Distributed Cluster Schedulers are becoming increasingly popular. They present a good abstraction for running workloads at a “warehouse-scale” on the public and private clouds by decoupling workload from compute, network and storage resources.
In this talk, we will talk about the operational challenges of running a Cluster Scheduler to serve highly available services across multiple geographies and in a heterogeneous runtime environment. We will go into details of the needs from a cluster scheduler with respect to managing multiple runtime/virtualization platforms, provide observability, running maintenance on hardware and software, etc.
Lastly, we will talk about an open source distributed cluster scheduler called Nomad, briefly describe it’s architecture and
present how Nomad solves the operational challenges and provides a highly scalable environment for running applications.

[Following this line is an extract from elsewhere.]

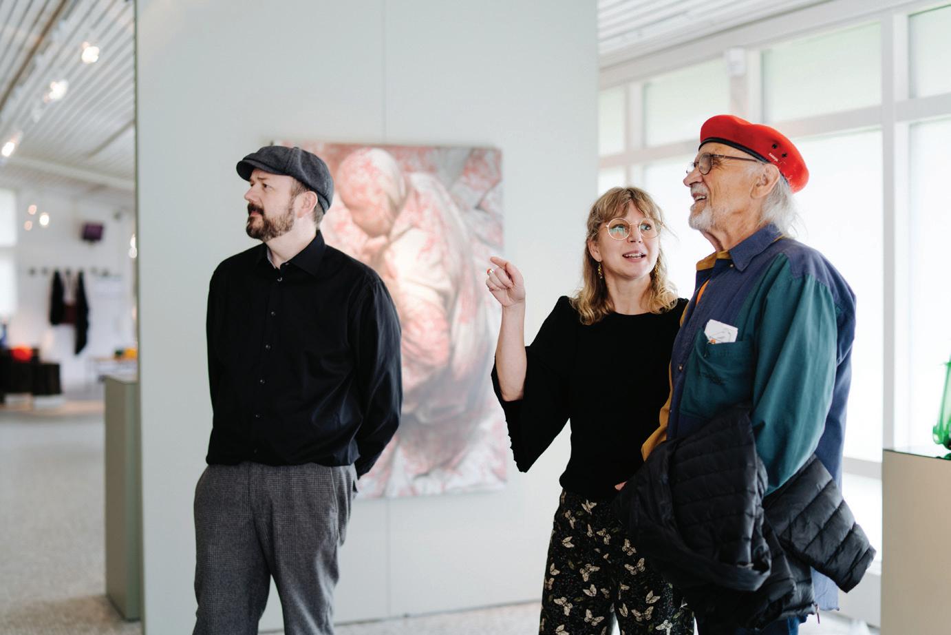 Markus Åkesson and Ellen Ehk Åkesson together with Bertil Vallien at the exhibition The trailing moss and mystic glow.

Diptanu is a Senior Engineer at HashiCorp, and works on large-scale distributed systems, cluster schedulers, service discovery and highly available and high throughput systems on the public cloud. He is a core committer to the Nomad cluster scheduler which has a parallel and distributed scheduler and support heterogeneous virtualized workloads.
Prior to HashiCorp, Diptanu worked in the Cloud Platform group at Netflix, where he worked on the core platform infrastructure that powered the Microservices infrastructure of Netflix. He worked on Apache Mesos and wrote a cluster scheduler for running clusters of Docker containers on AWS, and also contributed to various reactive IPC and service discovery infrastructure projects.